Ich bekomme das Mistviech einfach nicht zum laufen, weiß aber nicht ob er evtl. im Nirwana ist 
	

	
	
		
		

		
			





Eigentlich klappt die komplette Parametrierung, alles sieht soweit OK  aus, aber weder mit der ON-Taste, noch über den digitalen Eingang  passiert irgendetwas am Ausgang.
Start über analoge Belegung mit 10kO-Poti geht auch nicht.
Ich habe eigentlich alle Möglichkeiten durch.

Bei Entfernung der Abdeckkappe ist eine 2-polige Pfostenleiste zu sehen,  finde aber nirgendwo einen Hinweis ob die ggf. belegt sein muß, bzw.  wozu die da ist.

Auch bei P00 (der Anzeige beim Start) erscheinen nur horizontale Striche auf dem Display.
Keine Fehler- oder Warnmeldung - genau das macht mich stutzig, denn  andere FUs zeigen da Meldungen wenn z. B. die Endstufen defekt sind.

Kann mir da einer weiterhelfen?

Viele Grüße

Rübe


----------



## Sockenralf (9 November 2010)

Hallo,

*GRÜBEL*

Wir haben (ich meine) 1995 eine Maschine mit 7 dieser Umrichter bekommen und bis (irgendwas um) 2002 eigentlich alle Junior aufgrund Defekt getauscht.
Sind die nicht schon seit Ewigkeiten abgekündigt?
Was ich sagen will: kann durchaus sein, daß das Teil hinüber ist (würde mich fast wundern, wenn er noch i. O. wäre)
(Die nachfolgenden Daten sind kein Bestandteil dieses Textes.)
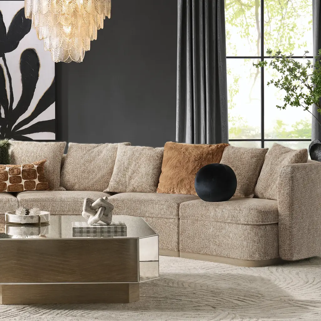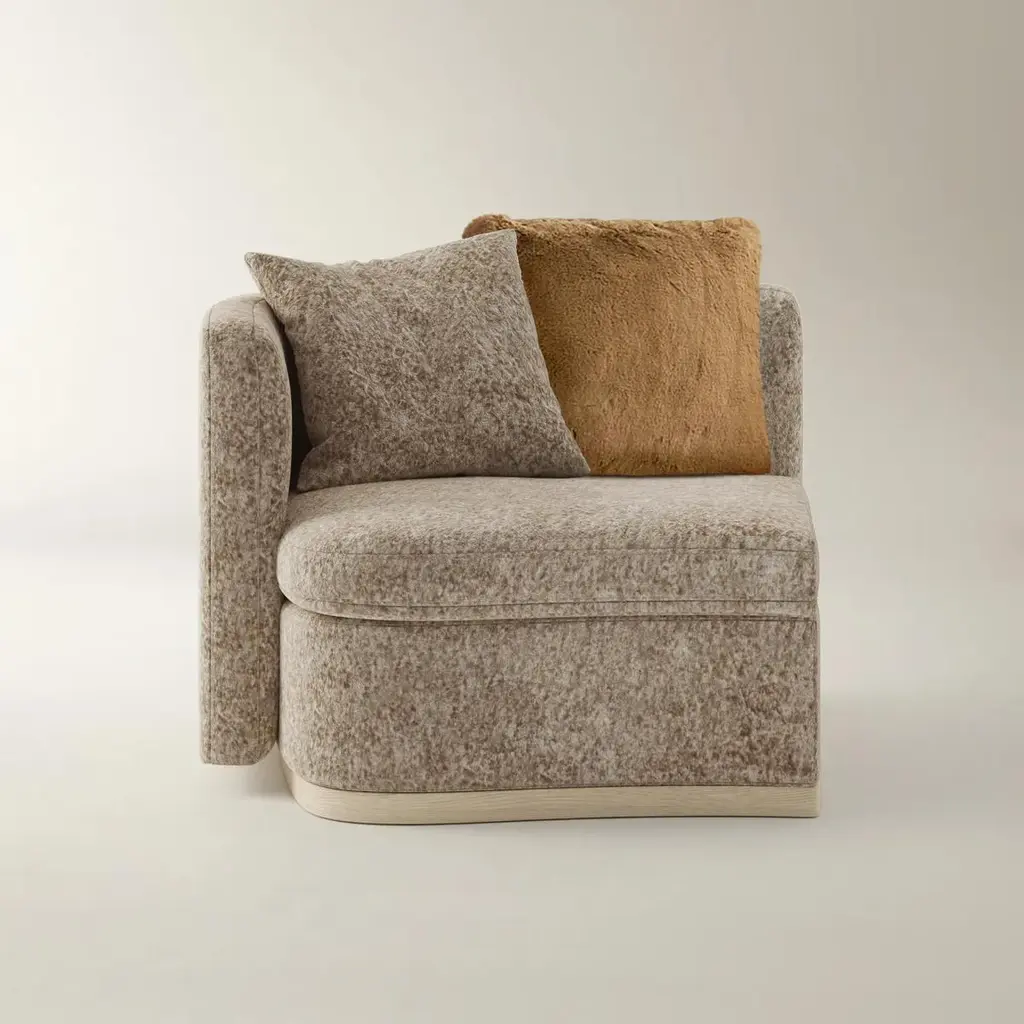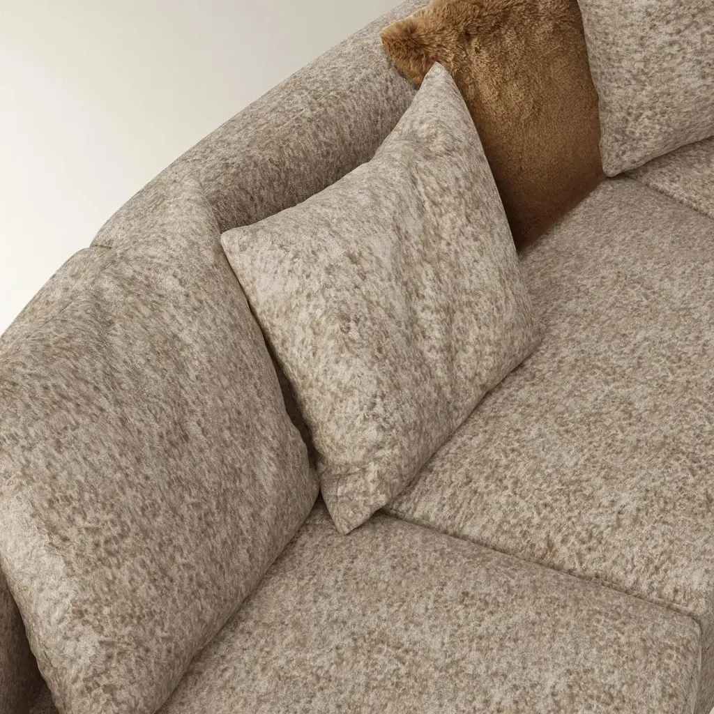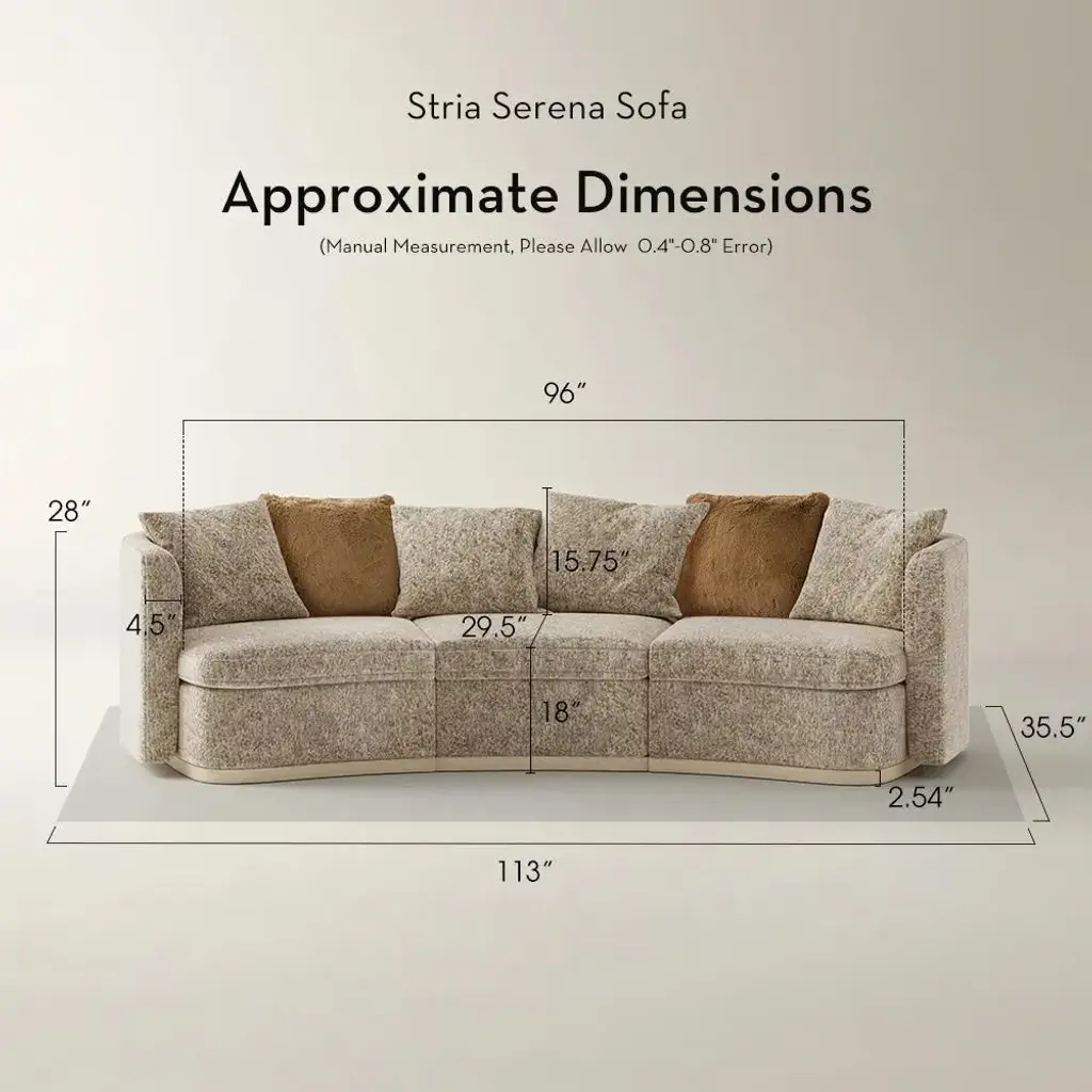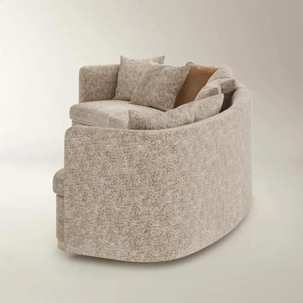 The Stria Sofa in light brown blends earthy elegance with modern curvature. Its arcing silhouette softens the room while encouraging relaxed conversation and cozy lounging. Wrapped in soft chenille with a warm, sun-washed hue, it balances natural texture with plush comfort. Inside, triple-layer cushioning features high-density foam for support, a down blend for body-conforming softness, and an ergonomic frame that invites all-day relaxation. Supported by a kiln-dried oak structure and finished with detailed, handcrafted upholstery, this light brown small space sofa offers sculptural beauty and enduring comfort in one elevated design.ZG Exclusive

Ich würde da keine große Energie reinhängen --> ein 0,37kW 1Ph.-Gerät ist ja nicht was sooo seltenes und auch nicht sooooo teuer


MfG


----------



## Ruebe (9 November 2010)

Hallo,

ja, ist ´ne olle Mühle.

Wahrscheinlich ist der auch abgeritten, wäre trotzdem klasse, wenn er laufen würde.

Gruß

Rübe


----------



## Thomas_X (12 November 2010)

Hi,

ich würde den Umrichter erstmal auf Werkseinstellung (P944=1) zurücksetzen,.
Danach speichern P971=1 und den Umrichter aus und wieder einschalten.

P005= 50 (50Hz einstellen)
P006= 0
P007= 1
P009= 3
P011= 1
P012= 0
P013 = 50
P081= Motornenfrequenz (normal 50hz)
P082= Nenndrehzahl laut Typenschild des Motors
P083= Nennstrom des Motors
P084= Motorspannung 
P085= Motorleistung
P971= 1 (Daten speichern)

Beim Anschluß des Umrichters muss die Eingangsspannung beachtet werden (siehe Typenschild 230V Einphasig ) Bei Falschanschluß defekt!!
Die Anschlußleitungen und die Motorleitungen dürfen nicht vertauscht werden sonst Umrichter defekt... hab ich schon einpaarmal mitgemacht!!! Gibt einen Knall und ne Rauchwolke.......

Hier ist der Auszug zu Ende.